• **Work instructions**:
From the line with "6月13日,在陕西省西安市鄠邑区五竹街道,农户向播种机放入玉米种子。" down to the final line of the material, please transcribe everything exactly, but leave the pictures out.

• **Given entries**:
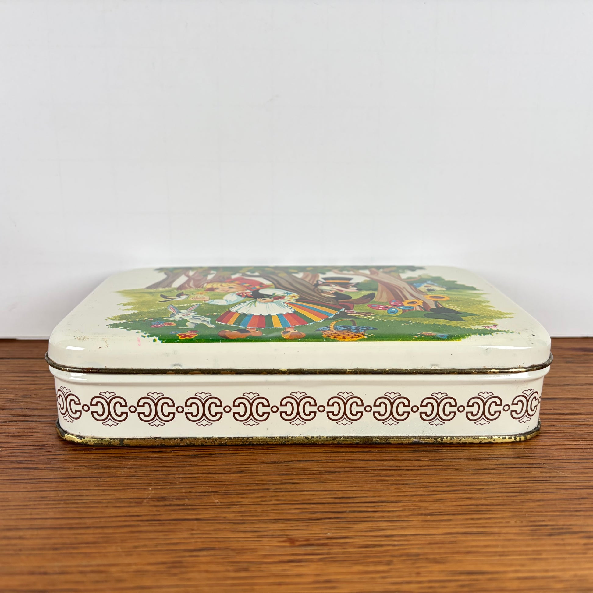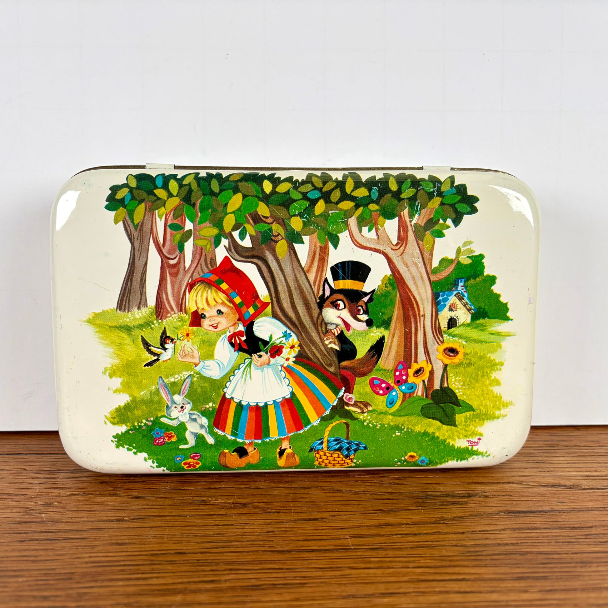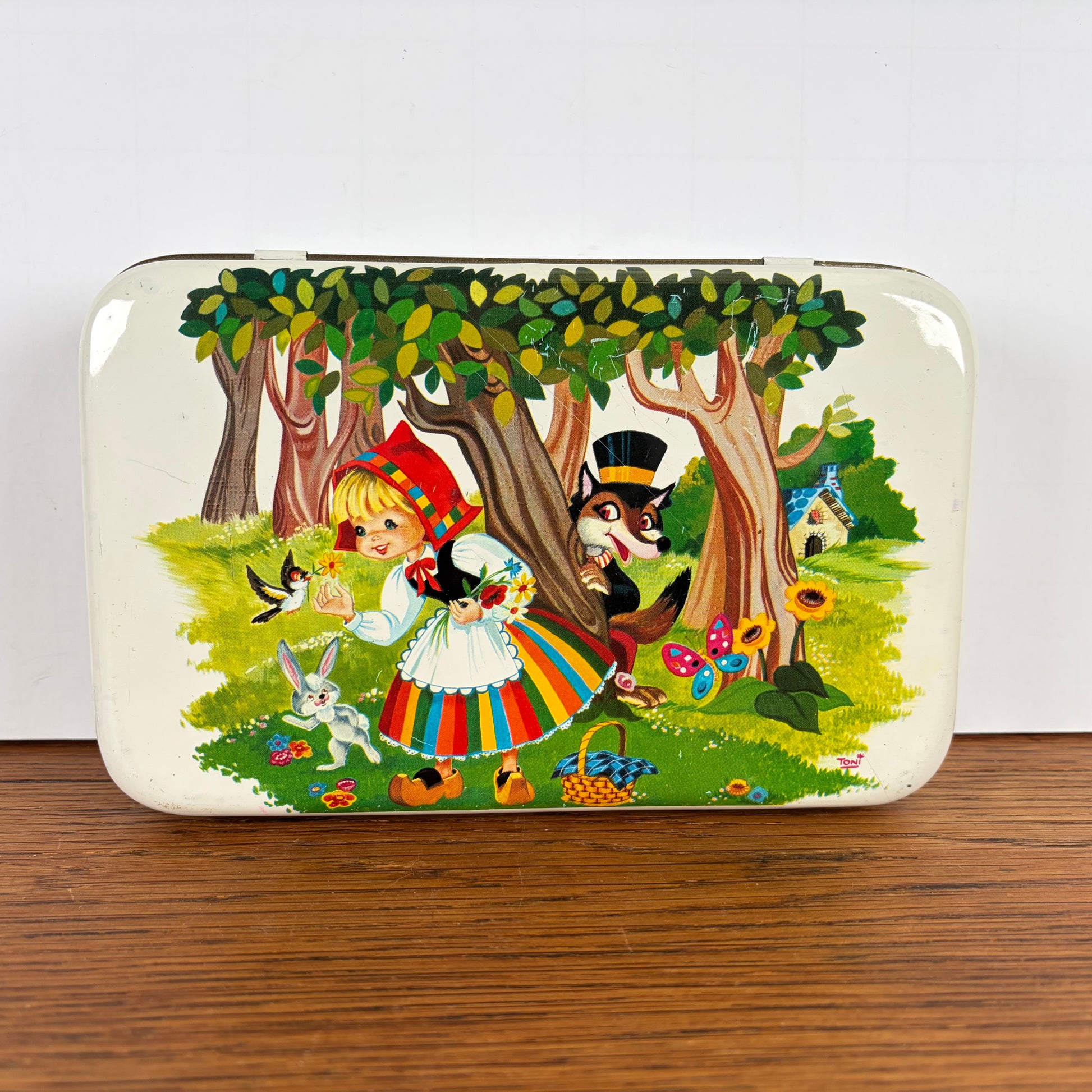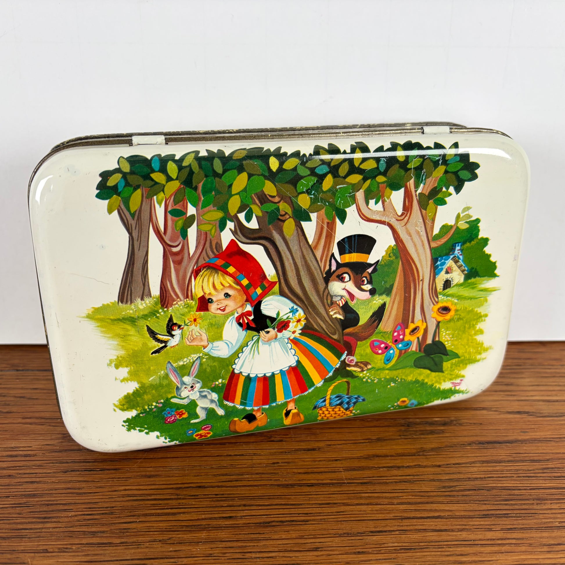 - Vintage bewaar blikje met een prent van roodkapje en de wolf.
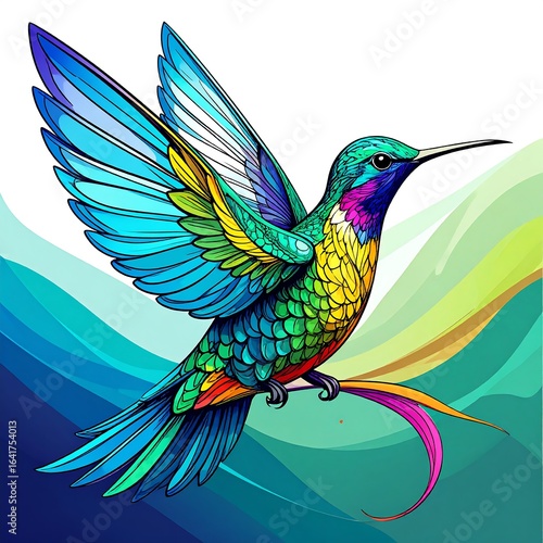 © gambar, Obraz premium Vibrant hummingbird in flight (3)
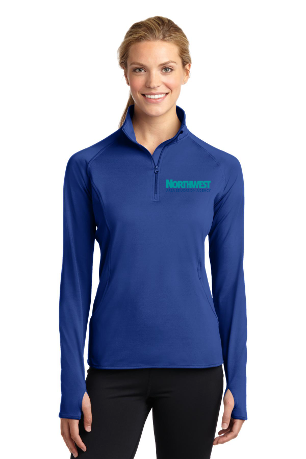 Sport-Tek Ladies Sport-Wick Stretch 1/4-Zip Pullover Choice of 4 colors. LST850 An extremely flexible layer with a soft-brushed backing and moisture control for year-round comfort. 6.8-ounce 90/10 poly/spandex Tag-free labelSmooth-faced Chin guard for additional comfort Cadet collar Taped neck Raglan sleeves Thumbholes to keep hands warm Front pouch pocket Open cuffs and hem *Due to the nature of 100% polyester performance fabrics special care must be taken throughout the screen printing process. Product Spec Sheet Color Swatch
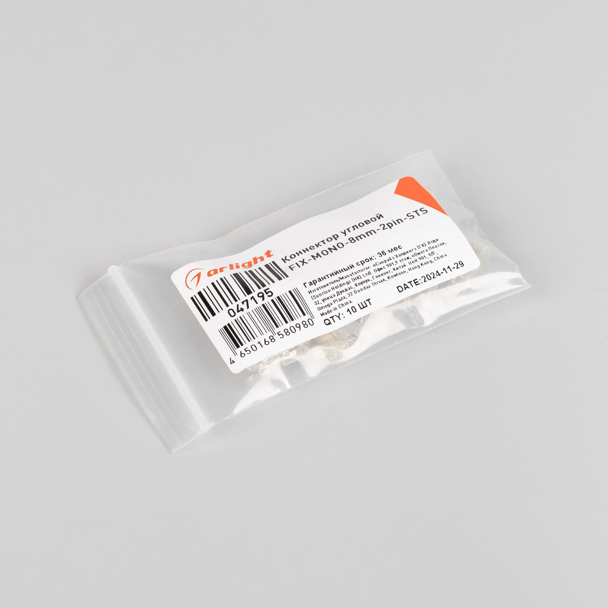 Коннектор угловой FIX-MONO-8mm-2pin-STS (Arlight, Прозрачный)
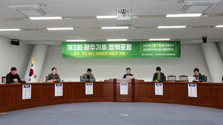박필순 광주시의회 기후특별위원장이 좌장을 맡았고, 김승완 충남대학교 교수와 이유진 녹색전환연구소 부소장이 먼저 발제했다.
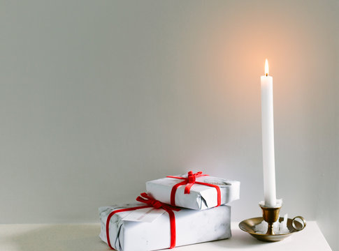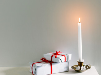 Christmas gifts on a mantlepiece with a lit candle. With copy space.
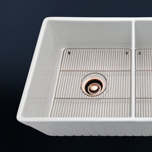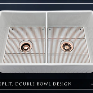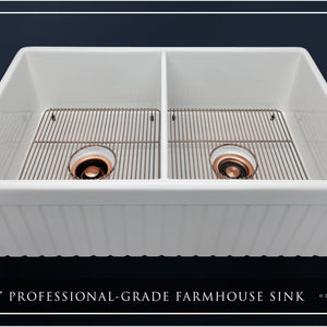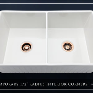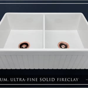 Luxury 33" x 20" compression-molded SOLID fireclay farmhouse kitchen sink. 50/50 Double bowl, modern design with 1/2" radius interior corners, straight sidewalls, fluted front apron, 7/8" material thickness, and glossy glaze. Elegant antique copper "linear" (pattern) sink grids, basket strainer-drains, and disposal flanges included
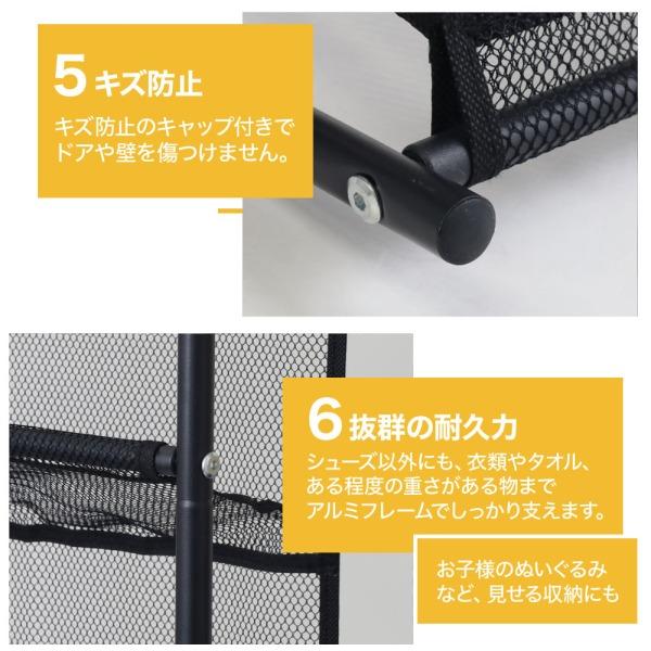 靴のキャビネットは10層の鋼管があるので、メッシュ部分がピンと張り、安定感があります。
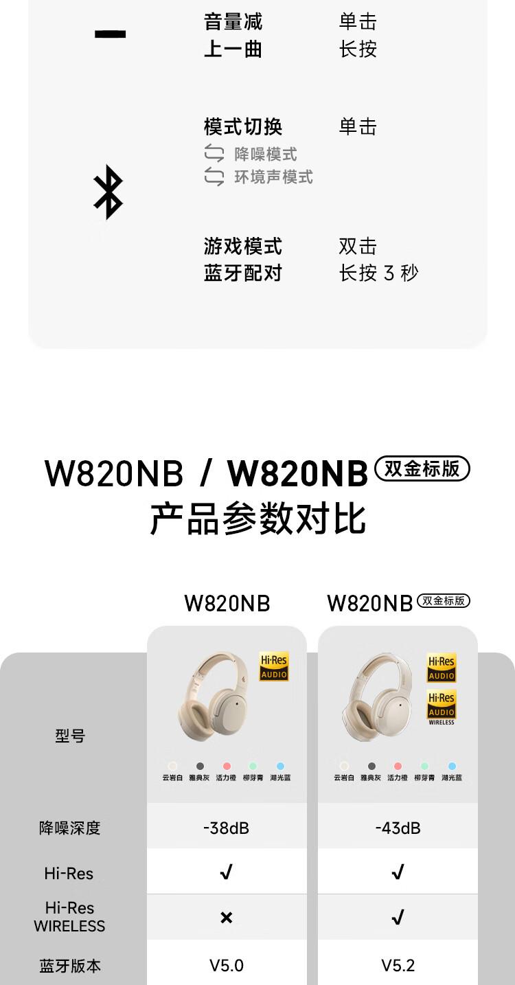 商品属性 [供应商] 深圳齐心集团股份有限公司 [品牌] 漫步者(EDIFIER) [型号] W820NB [防水等级] 无防水
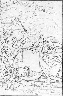 Voorstudie voor titelprent "Stichtelyke rymen op verscheide stoffen" door Jan Huygen- Trefwoorden
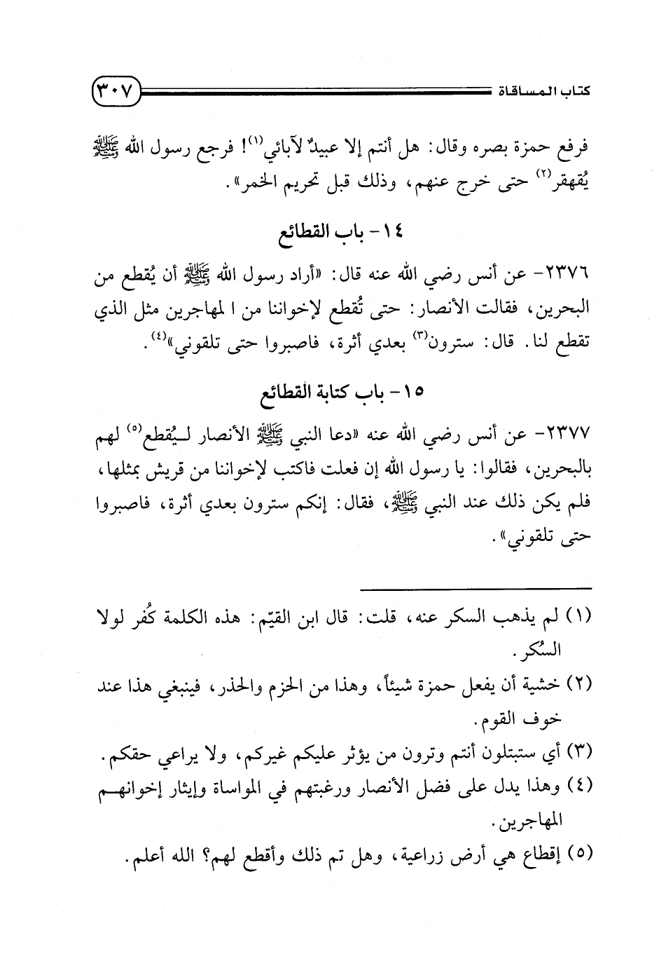2376 - عن أنس - رضي الله عنه - قال: أراد رسول الله - صلى الله عليه وسلم - أن يقطع من البحرين، قالت الأنصار: حتى تُقطع لإخواننا من المهاجرين مثل الذي تقطع لنا. قال: «سترون (¬3) بعدي أثرة، فاصبروا حتى تلقوني» (¬4).
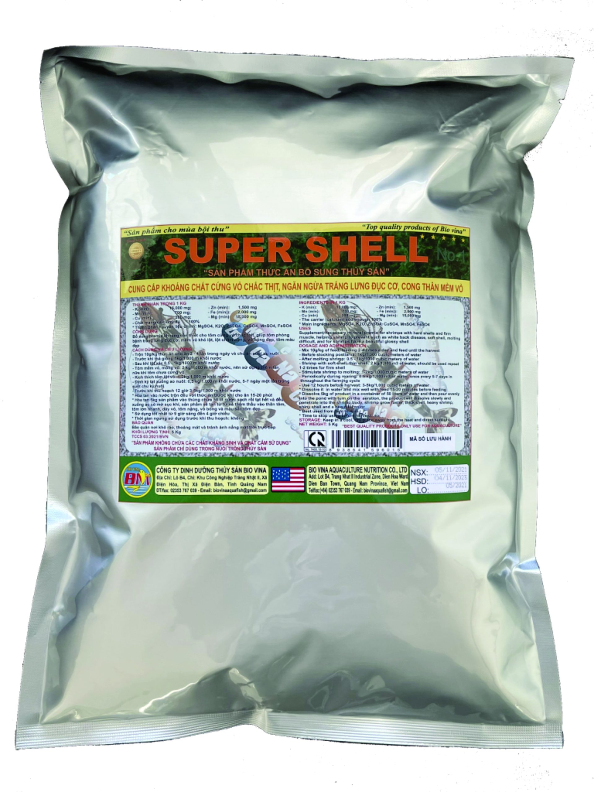 SUPER SHELL là sản phẩm chất lượng cao chứa hàm lượng tối ưu chất khoáng cần thiết và cân bằng cho nhu cầu thiết yếu của cơ thể tôm nuôi trong ao mật độ cao. SUPER SHELL cân bằng áp suất thẩm thấu giữa cơ thể tôm và môi trường nước ao nuôi. SUPER SHELL cho tôm khỏe mạnh đồng thời tăng cường hệ thống miễn dịch, chống lại bệnh chết sớm mà không hiểu nguyên nhân, tôm nhanh lột xác và nhanh cứng vỏ. SUPER SHELL sử dụng định kỳ và sử dụng khi tôm bị bệnh mềm vỏ, khó lột xác, chậm lớn màu sắc xấu, lột không cứng. SUPER SHELL sử dụng 12 giờ trước khi thu hoạch cho tôm chắc nịch và tăng trọng lượng thân.
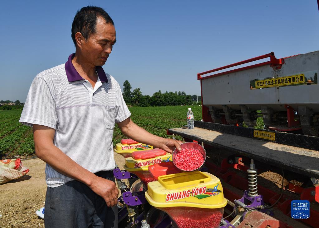6月13日,在陕西省西安市鄠邑区五竹街道,农户向播种机放入玉米种子。
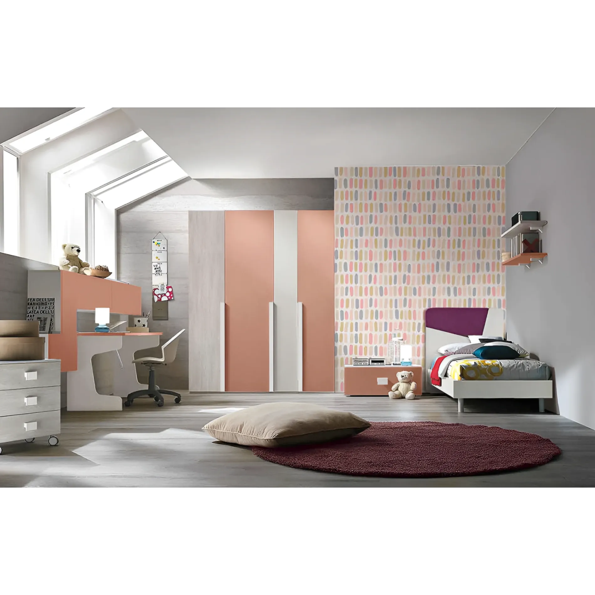La cameretta è composta da un armadio a quattro ante battenti, un comodino ad un cassetto ed un letto con inserto nella testata. E' possibile completare la composizione richiedendo tramite apposito configuratore la scrivania, la composizione di pensile sospesi e le mensole.
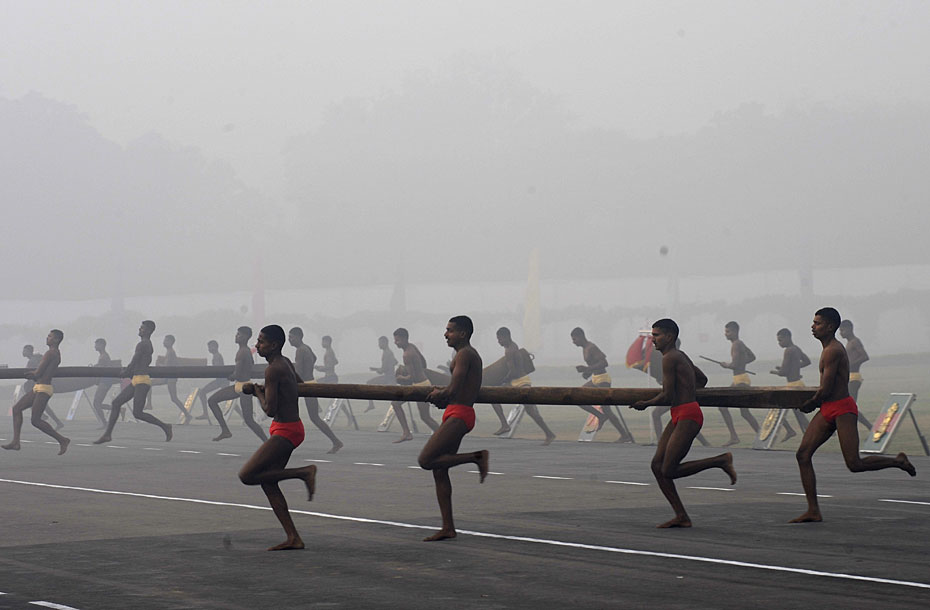 圖為印度陸軍在建軍節(jié)上表演。

• **Answer box**:
6月13日,在陕西省西安市鄠邑区五竹街道,农户向播种机放入玉米种子。
La cameretta è composta da un armadio a quattro ante battenti, un comodino ad un cassetto ed un letto con inserto nella testata. E' possibile completare la composizione richiedendo tramite apposito configuratore la scrivania, la composizione di pensile sospesi e le mensole.
 圖為印度陸軍在建軍節(jié)上表演。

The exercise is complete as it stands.